§ **What this task involves**
Your copy should hold every record verbatim and none of the pictures.

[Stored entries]
==========

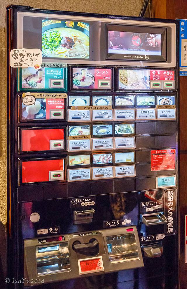 买单加退税加打包,一折腾又到了中午吃饭点,就近选了附近的一兰拉面。这么出名的拉面店怎么也要去一回吧。我是攻略做烂了,在机器上选面啦、隔断位啦、只闻其声不见其人的服务人员啦,但另外三个就大惊小怪了,纷纷称奇,LG对这个模式赞不绝口,觉得非常有创造力,呵呵。店面不大,布局却很合理,后面挂衣服放包的篮子一应俱全。坐到自己位置上,又添了份店家自做冰淇淋,按了铃,这个时候直接付现金就行。但我还是八了下,想当然以为替玉是个蛋,玉子不就是蛋吗?结果尼玛是再加份面的意思一刚。乃么我怎么吃的下,只好再按铃,把头凑到窗口想要好好解释一下这个问题,结果我刚sorry了一下,那边开口:“啥事?”我靠,同胞啊。小伙子麻利的帮我退了面,加好了温泉蛋,哇塞,有熟人就是好办事,感动撒!我在天朝祝福你在日本蒸蒸日上哈~好吧,略肉麻。哦,么有讲面,汤头还算鲜,有点微辣,肉也算嫩,但数量上略少,面本身么咬劲不错,总体来讲不坏,但还是不如一风堂,要我选,头也不回的去一风堂,恩,就是这样。
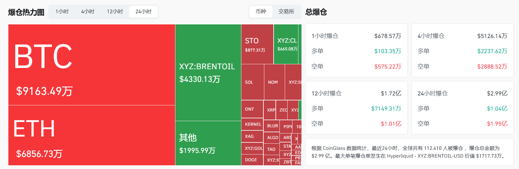 El monto de las liquidaciones forzadas de BTC alcanzó 9163.49 millones de dólares, y el de ETH fue de 6856.73 millones de dólares. En las últimas 24 horas hubo un total de 112,410 personas liquidada, y la mayor liquidación forzada en una sola operación ocurrió en el par de negociación XYZ:BRENTOIL-USD de Hyperliquid, con un valor de 1717.73 millones de dólares.
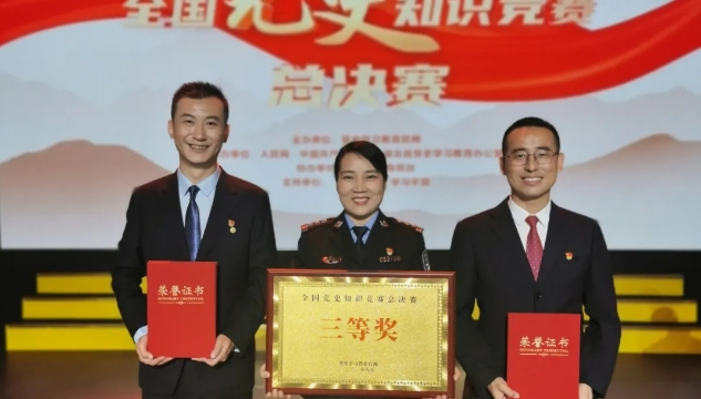9月27日下午,由黨史學習教育官網(wǎng)主辦,人民網(wǎng)、中國共產(chǎn)黨新聞網(wǎng)、湖北省黨史學習教育辦公室承辦的“全國黨史知識競賽”總決賽在湖北武漢舉行。周口市煙草專賣局許鑫參加的河南“出彩中原隊”經(jīng)過激烈競答,從32支參賽隊中脫穎而出,榮獲三等獎。
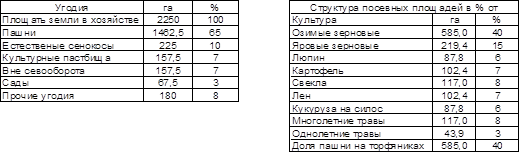 Исходными данными для проектирования являются структура земельных угодий (табл. 1.1)[1], структура посевных площадей (табл. 1.2)[1], урожайность сельскохозяйственных культур (табл. 1.3)[1], технологическая карта на возделывание с.-х. культуры (табл. 1.4)[1], нормативные материалы к определению объемов транспортной работы и номера группы хозяйства (табл. 1.5)[1].
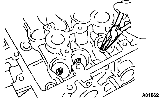 a. Using a caliper gauge, measure the lifter bore diameter of the cylinder head.
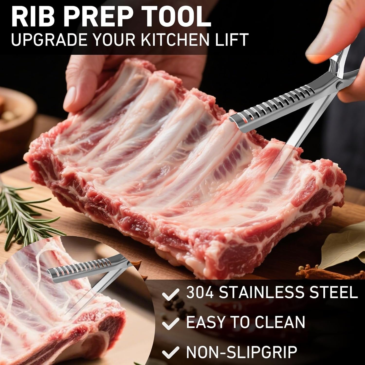 Rib Prep Pro, Stainless Steel Rib Membrane Remove Tool Kit, BBQ Rib Skinner Skin Removal Tool with Arc Clamp & Non-Slip Grip for Easy Membrane Removal, Kitchen Gadget for Barbecue Enthusiasts (1 PC)
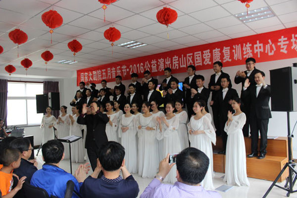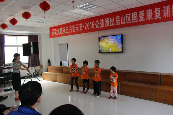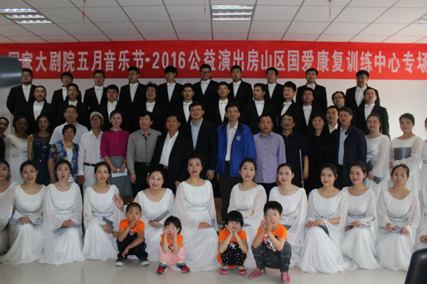 —2016公益演出房山区国爱康复训练中心专场 2016年5月4日下午,国家大剧院五月音乐节—2016公益演出在房山国爱康复训练中心举行。市残联、区残联和阎村镇的领导参加了此次活动。国家大剧院的演出人员给康复中心的家长和孩子演唱了歌曲《我的祖国》、《一剪梅》、《南泥湾》等好听的歌曲,国爱康复中心的小朋友也给大家表演了舞蹈《小鱼游游游》,台下的观众给予了热烈的掌声,活动非常圆满。最后国家大剧院的演员和参加活动的领导及孩子们一起合影留念。
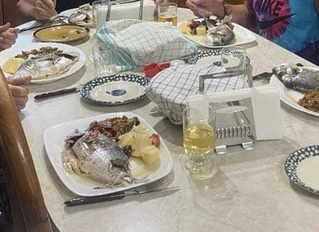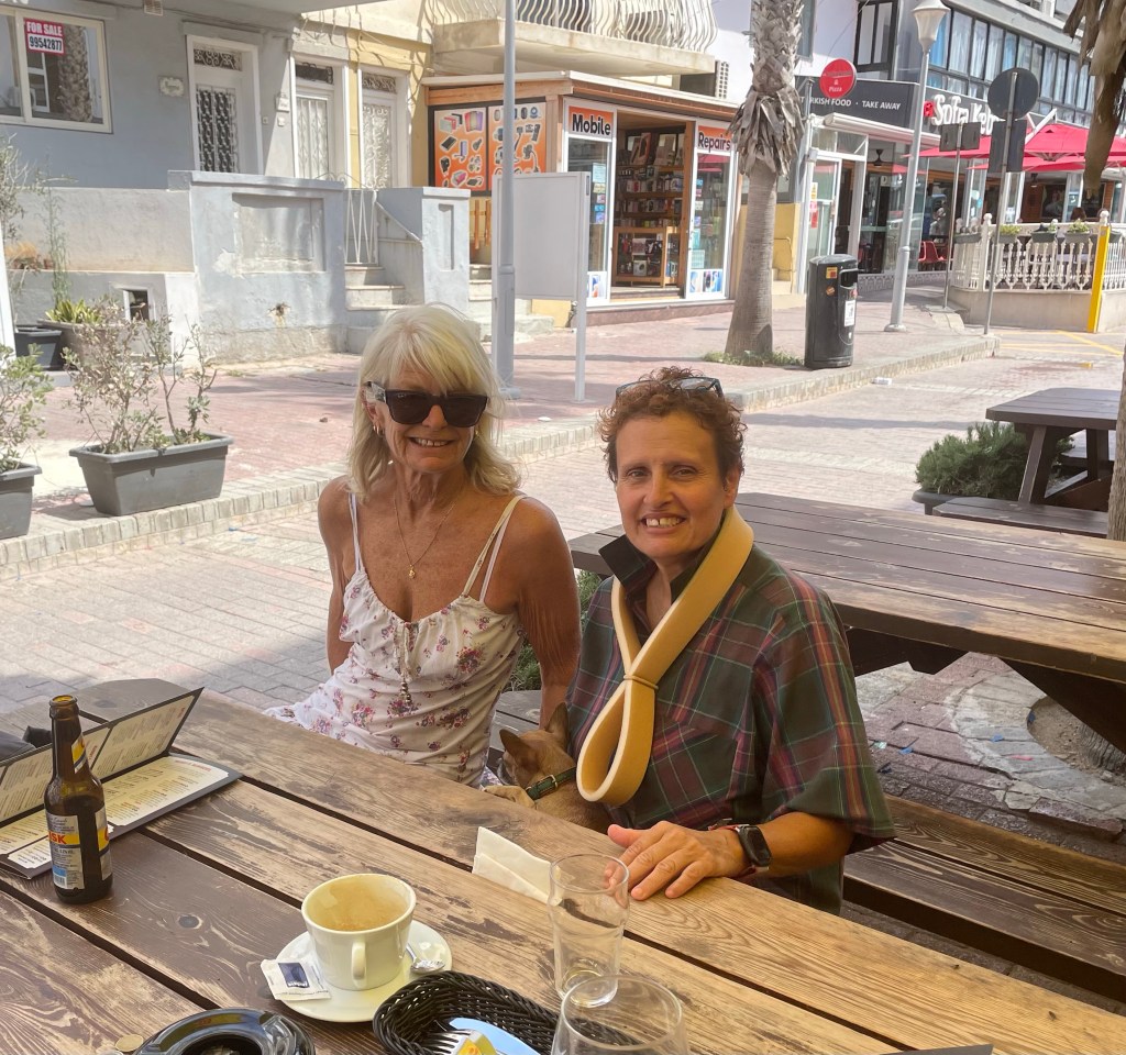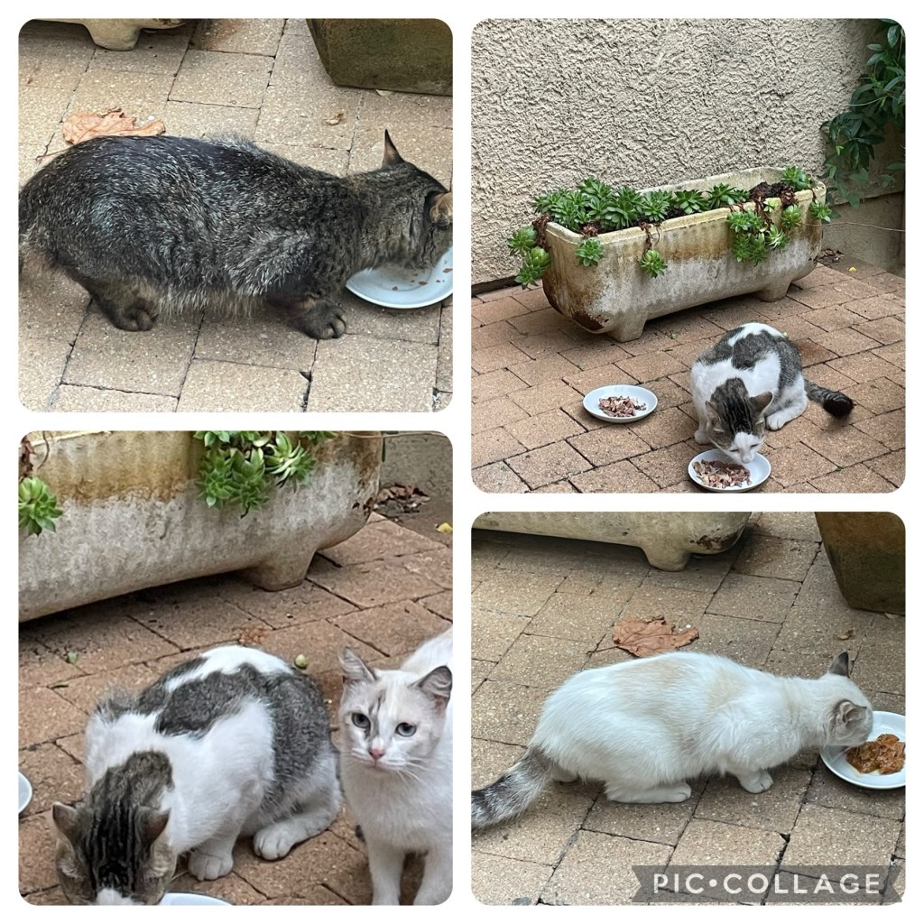 In the evening we had a drink at the hotel with the owner (she only had coffee) and enjoyed the friendly street cats getting spoiled with hotel (cat) food!!

==========

§ **Reply to the task**
 买单加退税加打包,一折腾又到了中午吃饭点,就近选了附近的一兰拉面。这么出名的拉面店怎么也要去一回吧。我是攻略做烂了,在机器上选面啦、隔断位啦、只闻其声不见其人的服务人员啦,但另外三个就大惊小怪了,纷纷称奇,LG对这个模式赞不绝口,觉得非常有创造力,呵呵。店面不大,布局却很合理,后面挂衣服放包的篮子一应俱全。坐到自己位置上,又添了份店家自做冰淇淋,按了铃,这个时候直接付现金就行。但我还是八了下,想当然以为替玉是个蛋,玉子不就是蛋吗?结果尼玛是再加份面的意思一刚。乃么我怎么吃的下,只好再按铃,把头凑到窗口想要好好解释一下这个问题,结果我刚sorry了一下,那边开口:“啥事?”我靠,同胞啊。小伙子麻利的帮我退了面,加好了温泉蛋,哇塞,有熟人就是好办事,感动撒!我在天朝祝福你在日本蒸蒸日上哈~好吧,略肉麻。哦,么有讲面,汤头还算鲜,有点微辣,肉也算嫩,但数量上略少,面本身么咬劲不错,总体来讲不坏,但还是不如一风堂,要我选,头也不回的去一风堂,恩,就是这样。
 El monto de las liquidaciones forzadas de BTC alcanzó 9163.49 millones de dólares, y el de ETH fue de 6856.73 millones de dólares. En las últimas 24 horas hubo un total de 112,410 personas liquidada, y la mayor liquidación forzada en una sola operación ocurrió en el par de negociación XYZ:BRENTOIL-USD de Hyperliquid, con un valor de 1717.73 millones de dólares.
9月27日下午,由黨史學習教育官網(wǎng)主辦,人民網(wǎng)、中國共產(chǎn)黨新聞網(wǎng)、湖北省黨史學習教育辦公室承辦的“全國黨史知識競賽”總決賽在湖北武漢舉行。周口市煙草專賣局許鑫參加的河南“出彩中原隊”經(jīng)過激烈競答,從32支參賽隊中脫穎而出,榮獲三等獎。
 Исходными данными для проектирования являются структура земельных угодий (табл. 1.1)[1], структура посевных площадей (табл. 1.2)[1], урожайность сельскохозяйственных культур (табл. 1.3)[1], технологическая карта на возделывание с.-х. культуры (табл. 1.4)[1], нормативные материалы к определению объемов транспортной работы и номера группы хозяйства (табл. 1.5)[1].
 a. Using a caliper gauge, measure the lifter bore diameter of the cylinder head.
 Rib Prep Pro, Stainless Steel Rib Membrane Remove Tool Kit, BBQ Rib Skinner Skin Removal Tool with Arc Clamp & Non-Slip Grip for Easy Membrane Removal, Kitchen Gadget for Barbecue Enthusiasts (1 PC)
 —2016公益演出房山区国爱康复训练中心专场 2016年5月4日下午,国家大剧院五月音乐节—2016公益演出在房山国爱康复训练中心举行。市残联、区残联和阎村镇的领导参加了此次活动。国家大剧院的演出人员给康复中心的家长和孩子演唱了歌曲《我的祖国》、《一剪梅》、《南泥湾》等好听的歌曲,国爱康复中心的小朋友也给大家表演了舞蹈《小鱼游游游》,台下的观众给予了热烈的掌声,活动非常圆满。最后国家大剧院的演员和参加活动的领导及孩子们一起合影留念。
 In the evening we had a drink at the hotel with the owner (she only had coffee) and enjoyed the friendly street cats getting spoiled with hotel (cat) food!!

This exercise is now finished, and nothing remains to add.